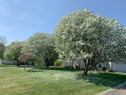 The mock apple trees were in bloom, which I love. They only bloom for about a week and then litter the ground below with pedals (already happening in the picture). Very pretty (and they come in pale red-lavender; you can see a little one on the left).
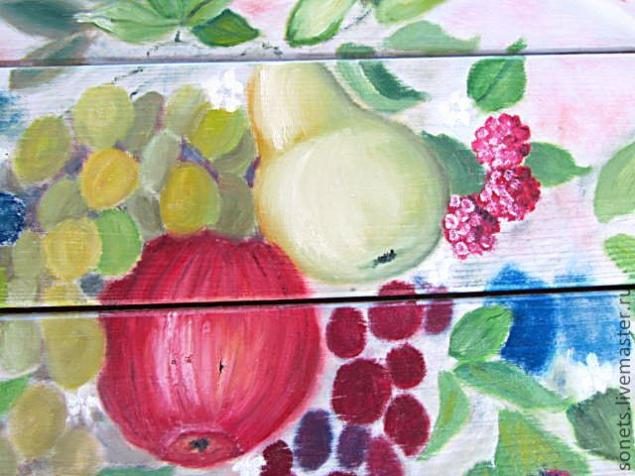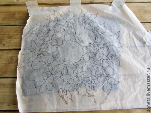 -Для росписи выполним эскиз на кальке или листе бумаги. Произвольно рисуем фрукты-ягоды и листья. Для образца можете взять фото натюрморта или уже готовый чужой рисунок. Я взяла роспись Мастерицы Ольги Украинской, очень уж мне понравилось богатство и расположение фруктов.
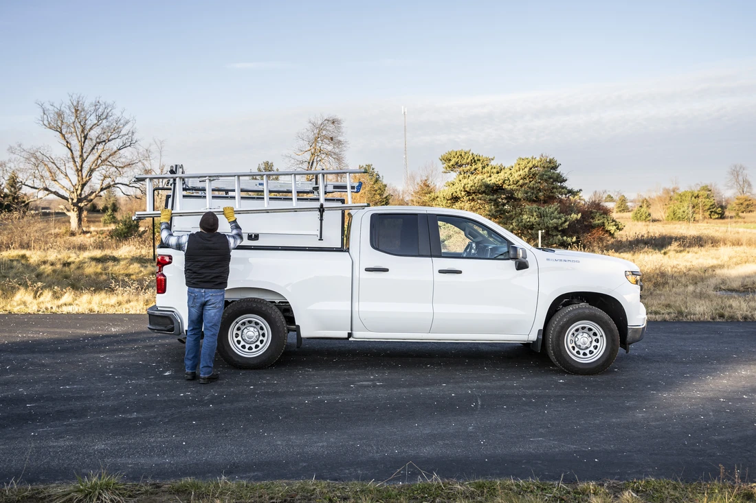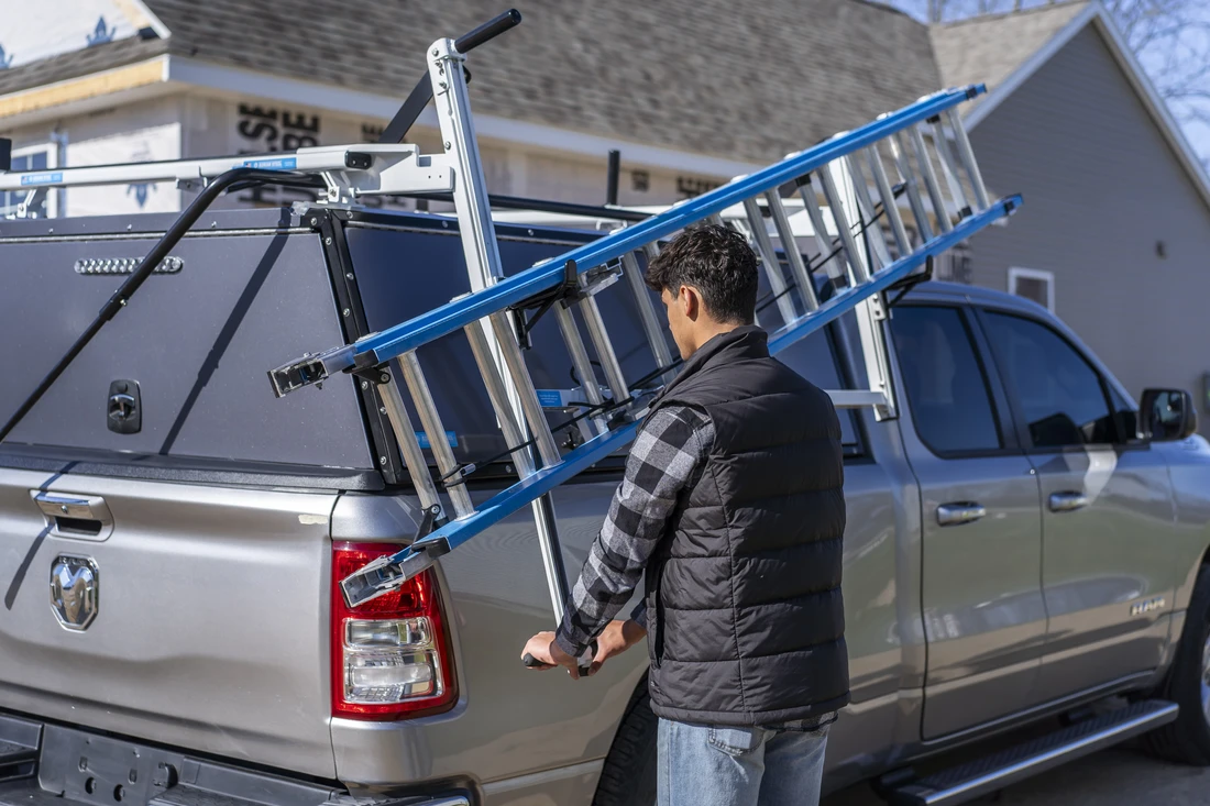 A drop-down rack makes your truck look professional and well-kept — good for those clients who notice.

====

[To do]: Pictures are to be dropped, and the remaining data set down exactly.

[Problem solution]:
 The mock apple trees were in bloom, which I love. They only bloom for about a week and then litter the ground below with pedals (already happening in the picture). Very pretty (and they come in pale red-lavender; you can see a little one on the left).
 -Для росписи выполним эскиз на кальке или листе бумаги. Произвольно рисуем фрукты-ягоды и листья. Для образца можете взять фото натюрморта или уже готовый чужой рисунок. Я взяла роспись Мастерицы Ольги Украинской, очень уж мне понравилось богатство и расположение фруктов.
 A drop-down rack makes your truck look professional and well-kept — good for those clients who notice.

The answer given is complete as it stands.